Игра с ним называется: МИТРОФАНОВО СЧАСТЬЕ.
Их нашли в медвежьем углу, где ангелы на дорогах встречаются чаще, чем зайцы, но реже, чем черти. Их мочили дожди и слёзы, они повествуют о подгулявших затворниках, немых златоустах и проклятых святых.

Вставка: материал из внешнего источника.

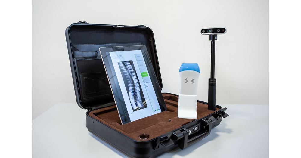 Scolioscan Air由三部分硬件組成:i)一個便攜式無線超聲波探頭,底部安裝有光學標記; ii)一部深度相機;以及iii)一部筆記本或平板電腦。光學標記及深度相機取代了Scolioscan的空間傳感器,儀器的體積憑藉這原創技術得以大幅縮小。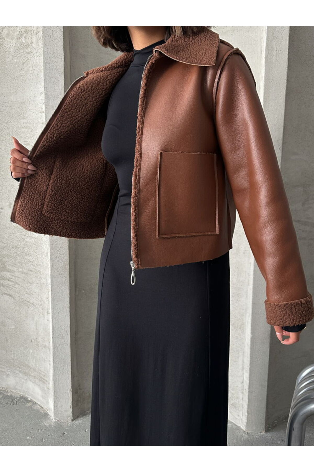 Kürklü Suni Deri Kısa Mont Kürklü Suni Deri Kısa Mont 119 26K1511 L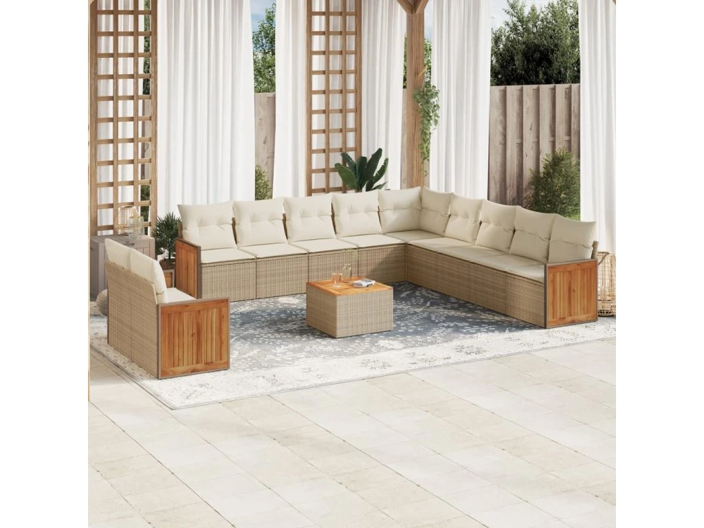 12dílná zahradní sedací souprava s poduškami béžová polyratan 3260217
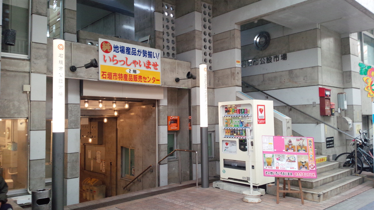 日本最南端の商店街のユーグレナモールの中心部にあります。ユーグレナモールには何度か行っていますがいつも夜なので公設市場には初めて行きましたが、美味しそうな石垣牛を売る店が何軒かあり、昼ご飯に焼肉を食べた後で旅行初日で無ければお土産に買ってしまったかもしれません。でも魚を売る店は1件しか無くあまり南国ぽい魚は売っていませんでした。
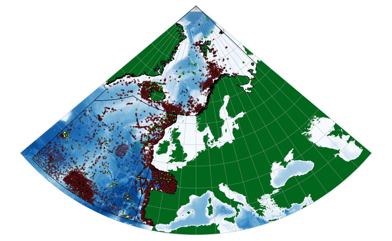The distribution of modelled seamounts (Figures 1 & 2) was extracted from the work of Harris et al. (2014) who used the SRTM30 PLUS global bathymetry grid (Becker et al. 2009) supplemented with the EMODnet (2013) data to create geomorphic feature maps of the world´s oceans. The work identified a total of 161 seamounts within the OSPAR maritime area. Within Region I (Arctic Waters) 16 seamounts covering a total area of 6 253 km2 were identified. Three of the seamounts lie within the North Atlantic deep-sea biogeographical province while the remaining 13 seamounts lie in the Arctic deep-sea subregion. Of the 16 seamounts situated in Region I, 61% belong to the group of small seamounts with deep peaks, while 39% belong to the group of intermediate seamounts.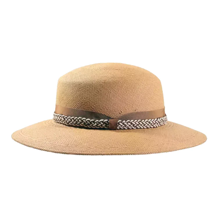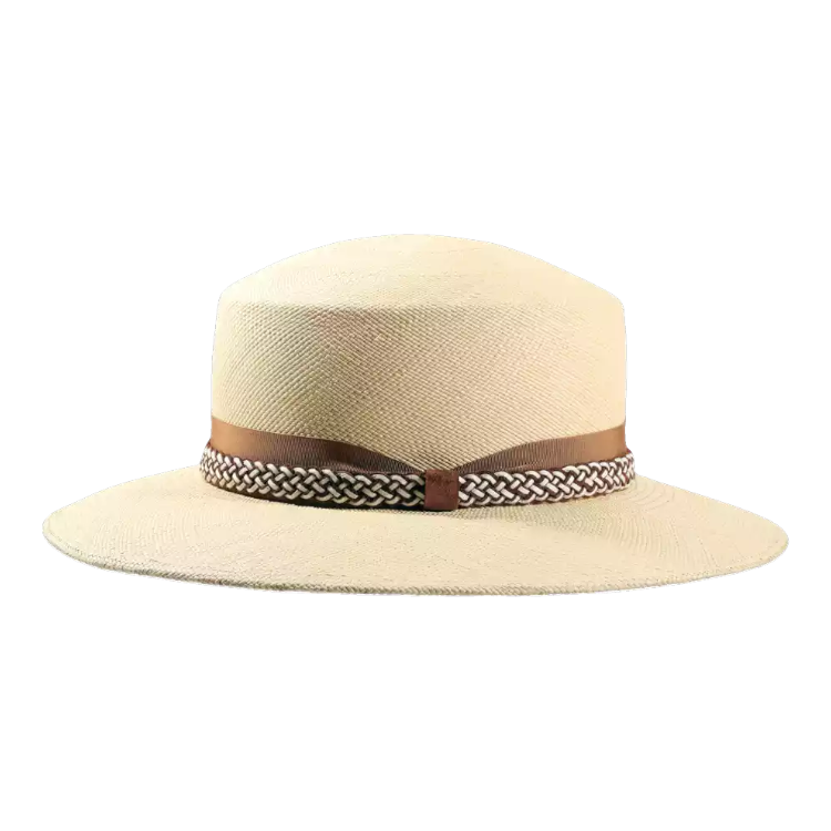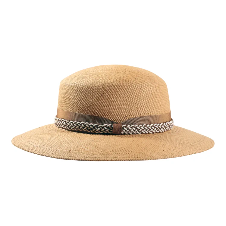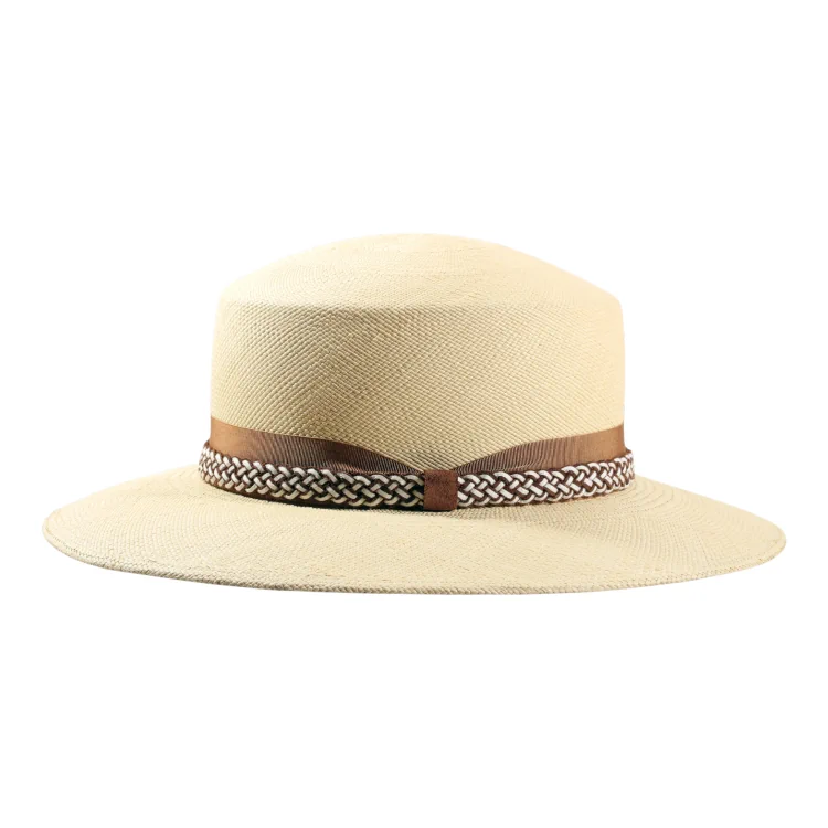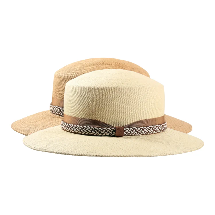 Natürliche Materialien: Reines Panamastroh, pflanzlich gefärbtes Rebsband, hochwertiges Echtledergeflecht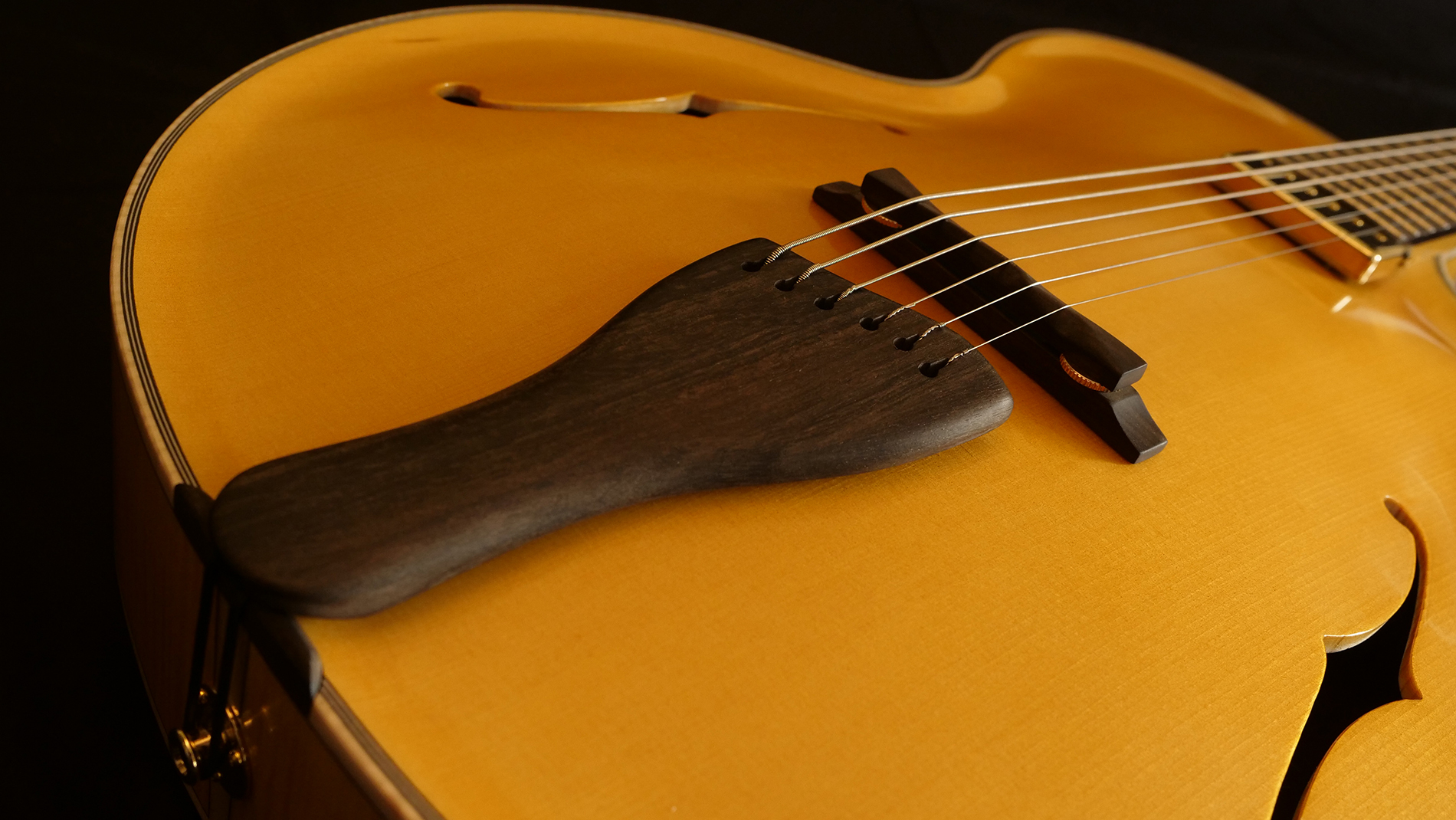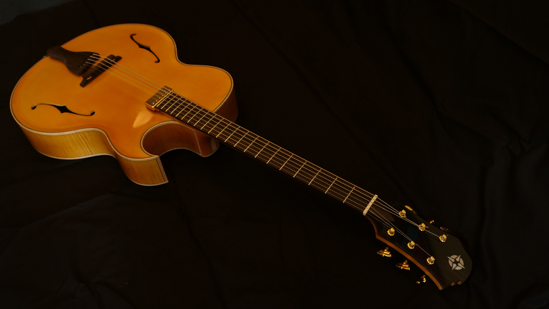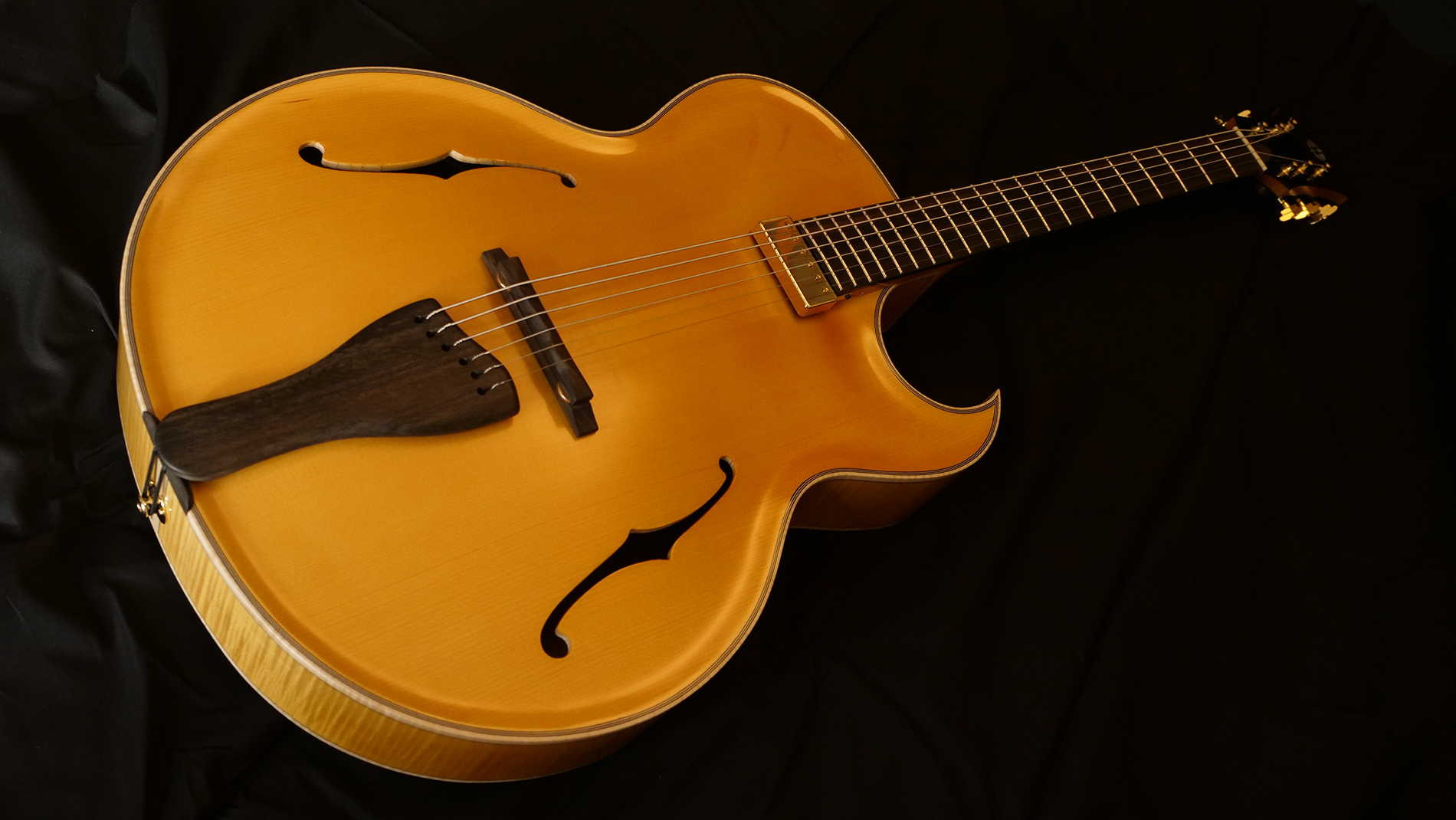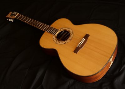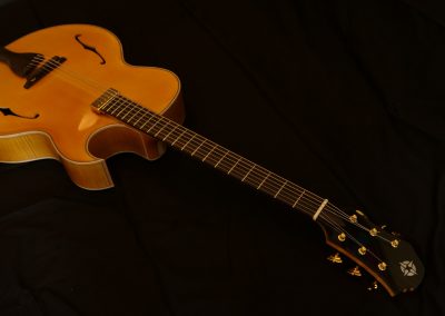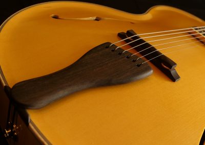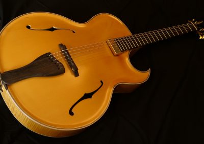 Guitare inspirée des fameuses archtop de Mr d’Aquisto et d’Angelico avec un pan coupé florentin favorisant l’accessibilité aux aigues. Elle se distingue par des sonorités amples et puissantes. Des barrages sculptés dans la masse lui apportent solidité et stabilité. Ses 17 pouces en font un parfait hybride de guitare et de basse. Un instrument inspirant…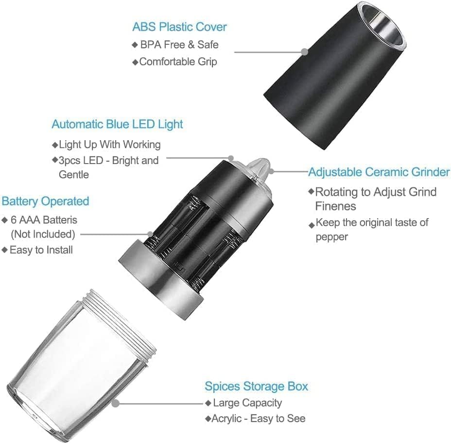 【تشغيل تلقائي】تتميز مطحنة الفلفل الخاصة بنا بتصميم متطور لاستشعار الجاذبية، ولا حاجة إلى طحن يدوي، ولا توجد أزرار للضغط، وهي رائعة للعملاء الذين يعانون من آلام اليد المزمنة. ما عليك سوى قلب المطحنة وستحصل على بهارات مطحونة طازجة. تتيح لك تفعيل توزيع التوابل المفضلة لديك بيد واحدة، بينما تكون اليد الأخرى حرة للتعامل مع مهام المطبخ الأخرى.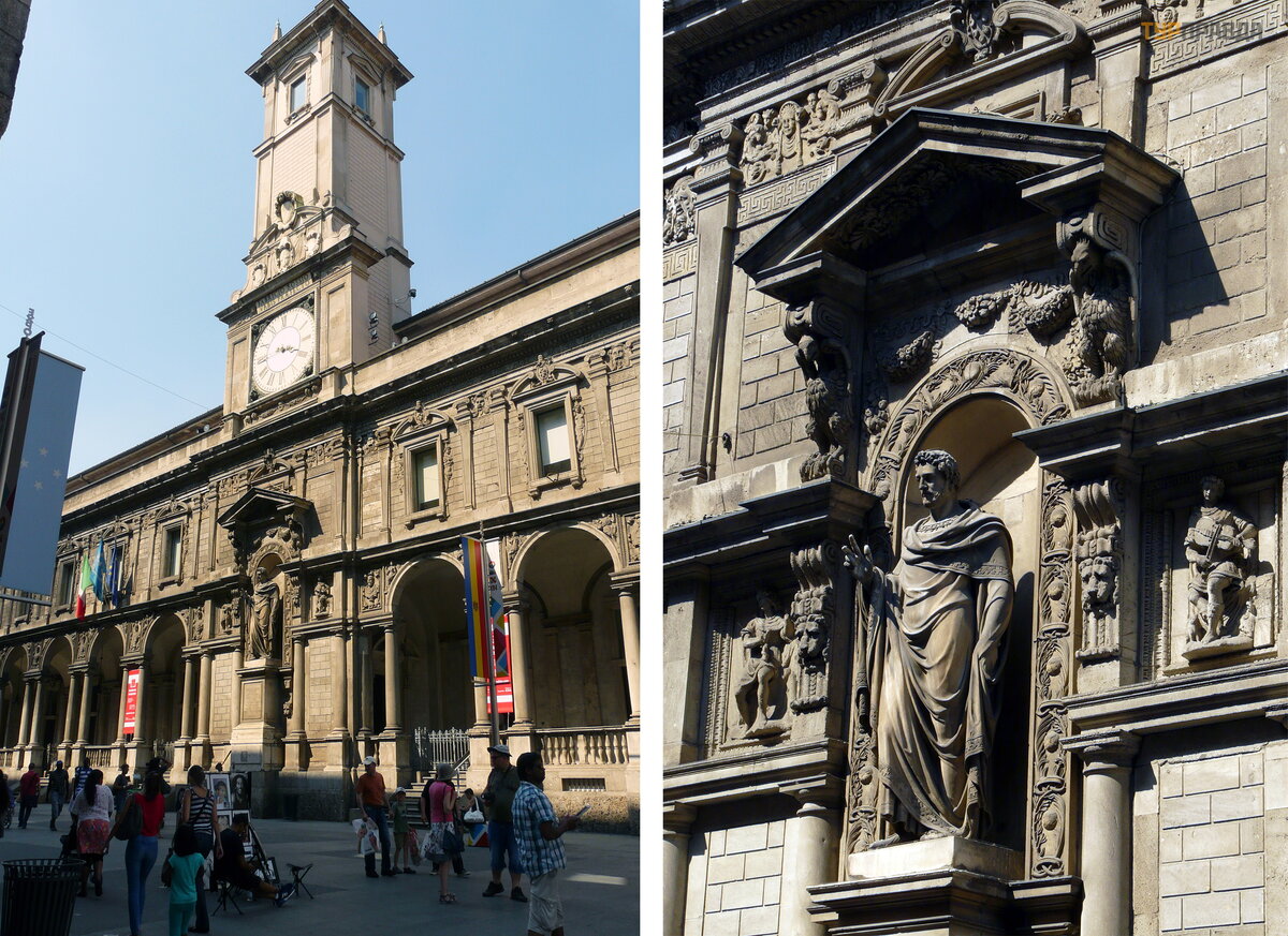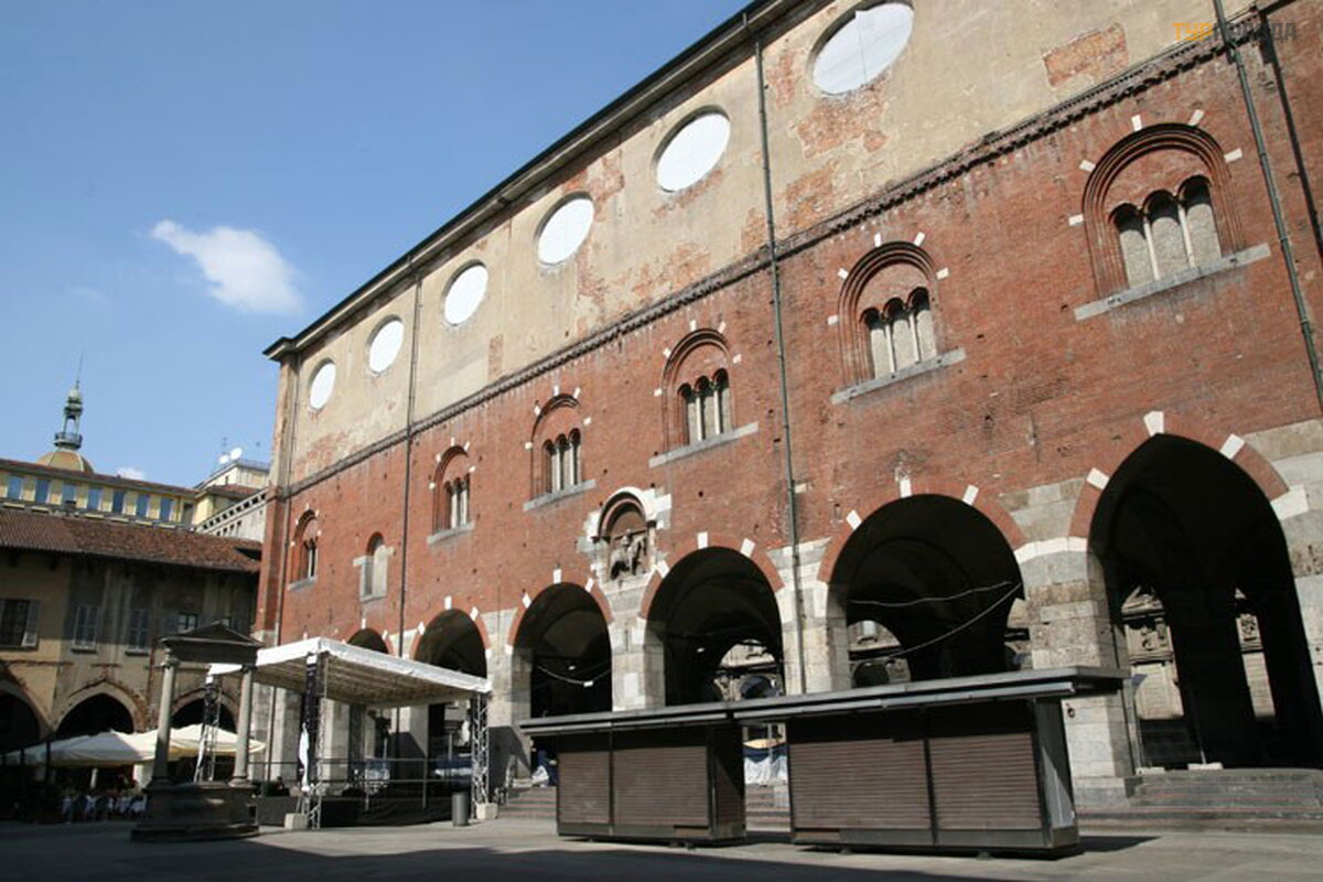 Aikš tė s puoš mena – barokiniai Scuole Palatine rū mai (Palazzo delle Scuole Palatine). Jo fasadą puoš ia daugybė skulptū rų , viena iš jų – Milane mokytojavę s š v. „Loggia degli Osii“ (Loggia degli Osii) ribojasi su rū mais su Milano kvartalų herbais ir garsiuoju parlera balkonu (parlera), iš kurio buvo skelbiami dekretai ir potvarkiai.

Их составила Анна Горелич, которая не думала о читателях, как, целиком отдавшись танцу, не думает о будущих кавалерах гимназистка на балу. Она застала ещё царя Гороха, а церковнославянский — разговорным, и, хотя в её рукописи нет «ижиц» и «ятей», она пестрит оборотами, вышедшими из употребления задолго до своего появления.
ЕВСТАФИЙ
Говорили, что он родился на Параскеву Пятницу, седым, как лунь, и был старше своей матери. Многие считали его сатаной, насолившим миру столько, чтобы спокойно созерцать, как он катится под откос. Ходили слухи, что на каждого младенца, появлявшегося окрест, он надевал очки, которые меняли цвета: розовый, как заря, — на чёрный, как кофе. Поначалу мир казался в них прекрасным, но постепенно обретал черты безобразного, вероломного старика, который глядел из зеркала линз. Присмотревшись, в нём с ужасом узнавали себя. Евстафий как-то проговорился, что очки — защитные. Какой-то юноша сорвал их и увидел мир, каким есть. Он тут же ослеп, а к вечеру наложил на себя руки. Говорили, будто перед смертью он поведал, каков истинный цвет мира, спорили, серый ли он, как скука, или зелёный, как тоска, но позже сошлись, что мир меняет окраску, как хамелеон.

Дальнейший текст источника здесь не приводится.